A week later, there’s a follow-up call. “That’s when I ask students why they’re taking my course, and what their goals are,” said Kent… “Being ever present is paramount to building that working relationship,” she said. “Students need to know you’re there, seeing what they do, and that you care about and support them.”
Those relationships also help teachers connect with their students and bring kids’ interests and passions into the classroom, just like a traditional brick-and-mortar school. The focus on subject mastery–rather than seat time–suits the online model in similar ways as the traditional school, too. Students move on through a course when they prove they’ve learned the previous subject material, allowing them more time with difficult concepts and not dwelling on things they’ve already shown they know. Taken together, the teachers agree it’s a recipe for success:
“Over the years, I’ve come to appreciate the capacity of every learner to excel when you let them approach a subject through their interests at a pace and style that suits them,” said Bramante, who began her career in the 1970s as a middle school English teacher.

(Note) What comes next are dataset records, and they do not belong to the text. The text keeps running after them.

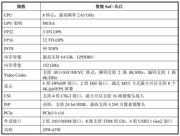 需要指出的是,摩尔线程第一代SoC“长江”集成了“全功能 GPU + CPU + NPU +VPU”等异构算力单元的片上系统芯片,拥有8核CPU,主频2.65GHz,GPU是MUSA架构,INT8算力达50TOPS。
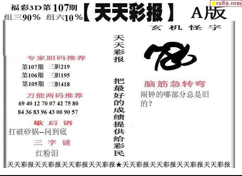 福彩3D2026107期天天彩报A版 天天彩报B版
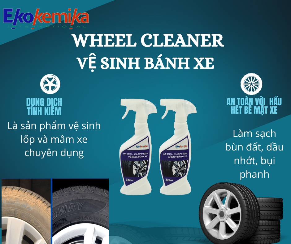 Mua tại TiktokDUNG DỊCH VỆ SINH BÁNH XE - LỐP XE EKOKEMIKA WHEEL CLEANER Dung tích: 600ml Đóng gói: 12 chai/ thùng Giá bán: 84.000₫/chai WHEEL CLEANER là sản phẩm vệ sinh lốp và mâm xe chuyên dụng, Dung dịch làm sạch lốp xe máy, ô tô bị ố vàng lâu ngày của thương hiệu nổi tiếng toàn cầu Ekokemika không chỉ là một sản phẩm thông thường mà còn là giải pháp hoàn hảo giúp bạn khôi phục vẻ đẹp tự nhiên của lốp xe và tăng cường sự an toàn khi lái xe.
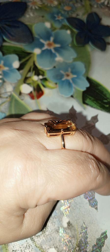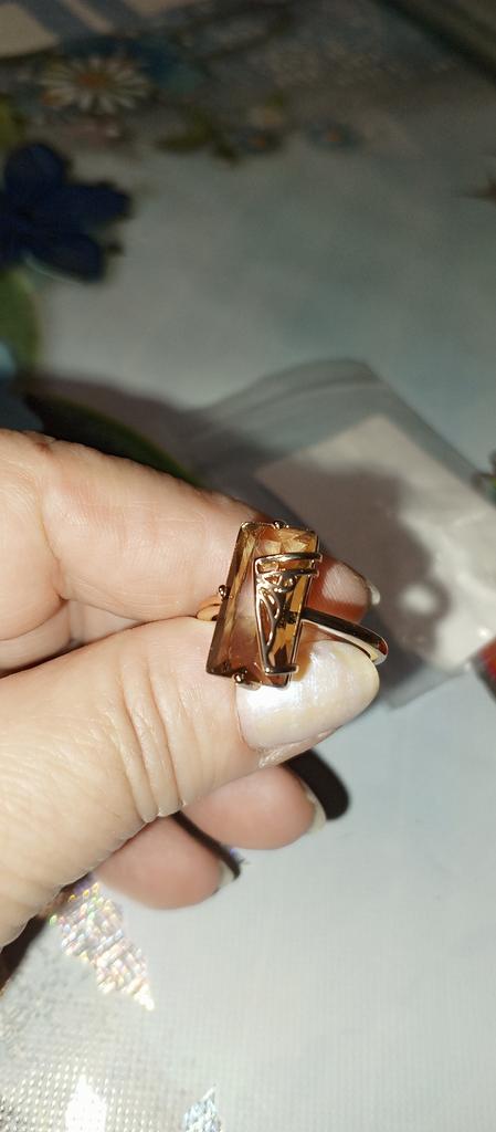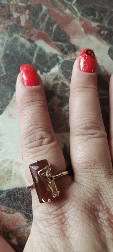 La bague couleur thé avec zircon, forme géométrique élégante, est superbe, chic, merci 😉 je recommande !!!🌷🤙🌷🤙🌷💯
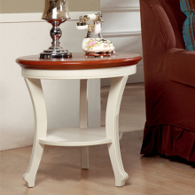 地中海田园实木小圆桌 电话几 白色圆几茶几沙发边几咖啡桌洽谈桌
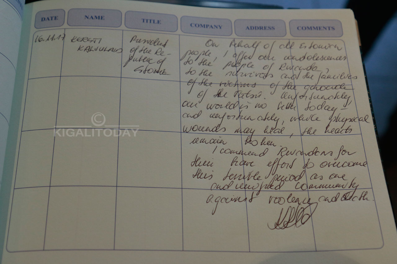 Yagize ati "Mu izina ry’abaturage ba Estonia nihanganishije Abanyarwanda, abarokotse n’imiryango y’abarokotse Jenoside yakorewe Abatutsi. Ndashimira ubutwari Abanyarwanda bagaragaje mu gukira ibikomere."
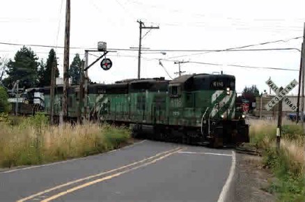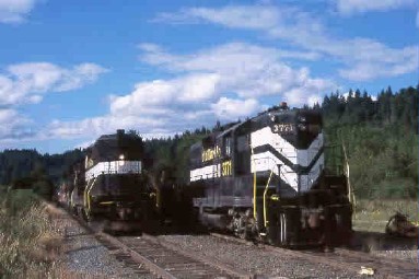 A Portland and Western freight, led by Portland and Western SD45R 3604, ex. Illinois Midland SD45 456, exx. Buffalo and Pittsburgh 456, exxx. Southern Pacific 7565, nee St. Louis-Southwestern SD45 8973, built by Electro-Motive Division in 1968, was here switching the interchange with the Port of Tillamook Bay Railroad (POTB from now on).
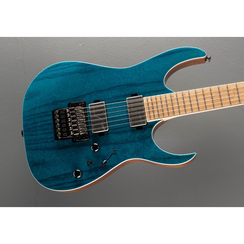 Frozen Ocean, Made in Japan, Ash top, African Mahogany body, Super Wizard HP shaped five piece Maple/Wenge neck, Bound 16.9" radius Birdseye Maple fingerboard with the off-set Mother of Pearl dot inlays and jumbo stainless steel frets, 25.5" scale length,
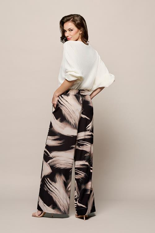Zwart-witte wijde broek met grafische printDe Aiden broek in zwart-wit is een stijlvolle en comfortabele wide leg broek met een opvallende grafische print. Het model is aangesloten bij de heup en l…
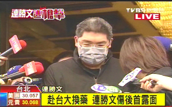 連勝文中槍后首次露面。 來源:臺灣TVBS電視臺
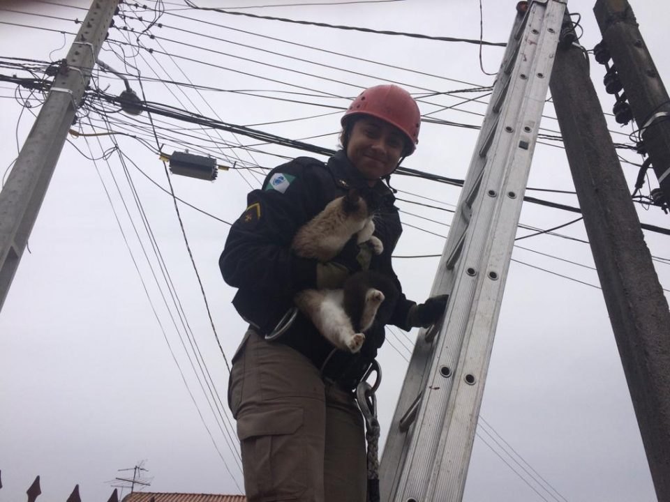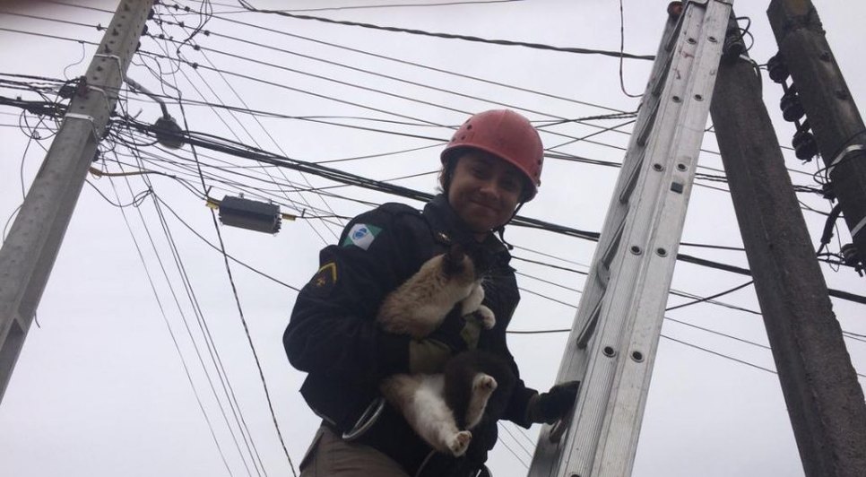 Menos uma vida? Bombeiros são acionados para resgatar gato em poste e precisam desativar eletricidade
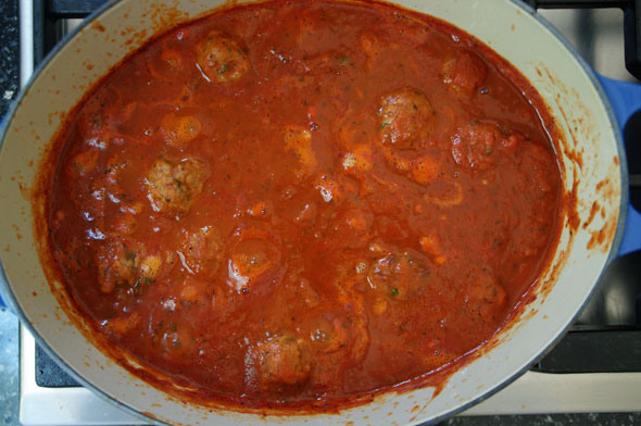 Heat the red sauce in a Dutch oven or similar pot with a tight-fitting lid. When the sauce begins to boil, carefully drop the meatballs, one at a time, into the sauce. Carefully shake the pan a bit, or gently use a spoon to cover each meatball in a little sauce. DO NOT STIR. Cover, and gently simmer the meatballs for 25 minutes, then remove from heat and let rest for five minutes. Serve over hot spaghetti pasta and garnish with additional grated parmesan cheese or chopped parsley or basil leaves, if desired. Serves 6 (or more).
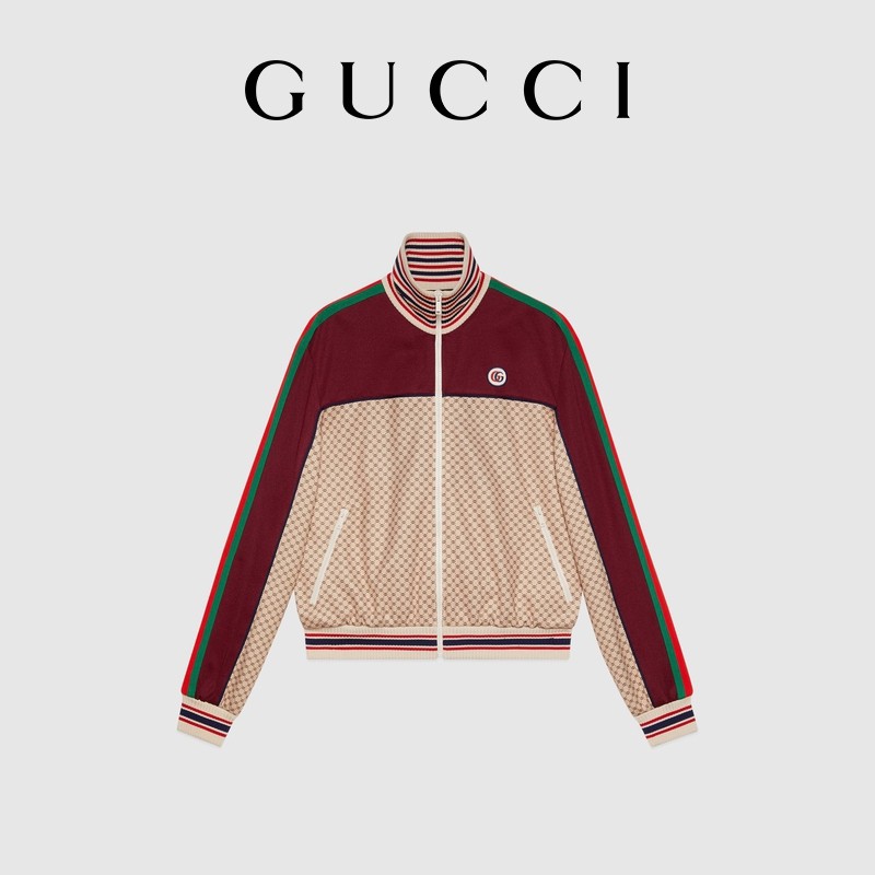 [新品]GUCCI古驰互扣式双G印花针织夹克
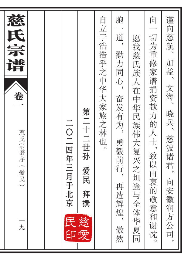 盛世修譜。在此時此刻,我向慈氏的先賢致敬!向慈氏宗親的朋友們祝福!
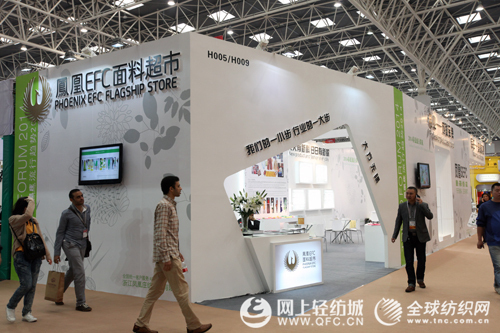 纺博会期间,柯桥东升路市场B区5楼,一家崭新的面料超市吸引海内外众多专业买家。这家面料超市,正是浙江凤凰庄纺织品有限公司近几年来重点推出的EFC(环保、时尚、实惠)面料超市。
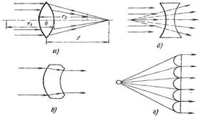 Линзы (рис. 1.17) несомненно относятся к числу основных элементов большинства оптических систем; конструктивно они представляют собой однородный – прозрачный материал, ограниченный двумя полированными преломляющими поверхностями, из которых хотя бы одна – неплоская (обычно сферическая). Наиболее распространены тонкие двояковыпуклые сферические линзы, хотя известно и много других их разновидностей. Рассмотрение хода лучей в различных линзах показывает, что они могут служить для преобразования параллельного пучка лучей в сходящийся (собирающая линза), в расходящийся (рассеивающая) или в параллельный пучок другого сечения (телескопическая). Во всех случаях назначение линзы – формирование оптического изображения с одновременным его увеличением (уменьшением). В зависимости от конструкции линзы и места расположения предмета могут формироваться как действительные, так и мнимые изображения. Все разнообразие свойств линз делает их удобными для создания оптических систем различного функционального назначения.
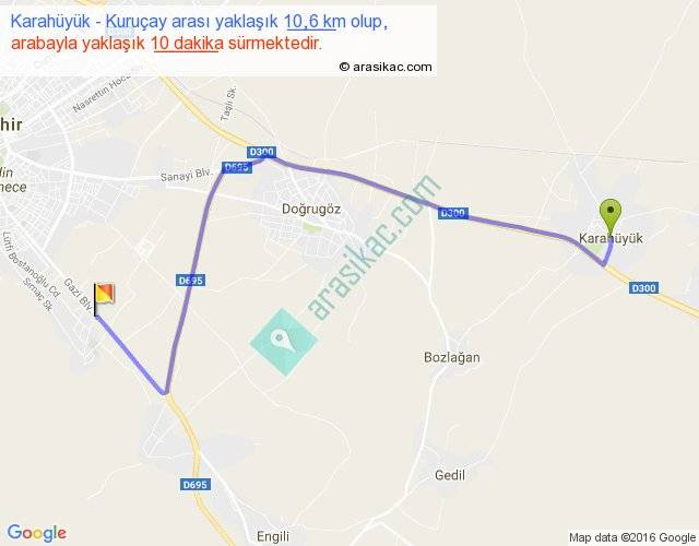 Karahüyük - Kuruçay arası yaklaşık olarak 90 km/h ile yukarıda belirtilen sürede olup, iki yerin kuş uçuşu uzaklığı (mesafesi) 7'dir. Yolculuk otobüsle 13 dakika sürmektedir.

When it comes to working together, the partnership between VLACS, the state, and traditional schools are strong. Districts don’t get penalized if their students take one, a few, or all of their courses online through VLACS. It makes sure that VLACS and schools are working together, not competing for scarce funds.
And, VLACS gets paid for performance: courses are divided into competencies, and VLACS gets a a prorated sum for the ones the student has mastered. If a student only completes half the course, VLACS gets half of the money. It places the incentive on learning and teaching over stacking enrollment lists.
The performance-based, personalized approach to online learning has culminated into one of the few really successful web-based K-12 schools in the country. And it’s gaining attention.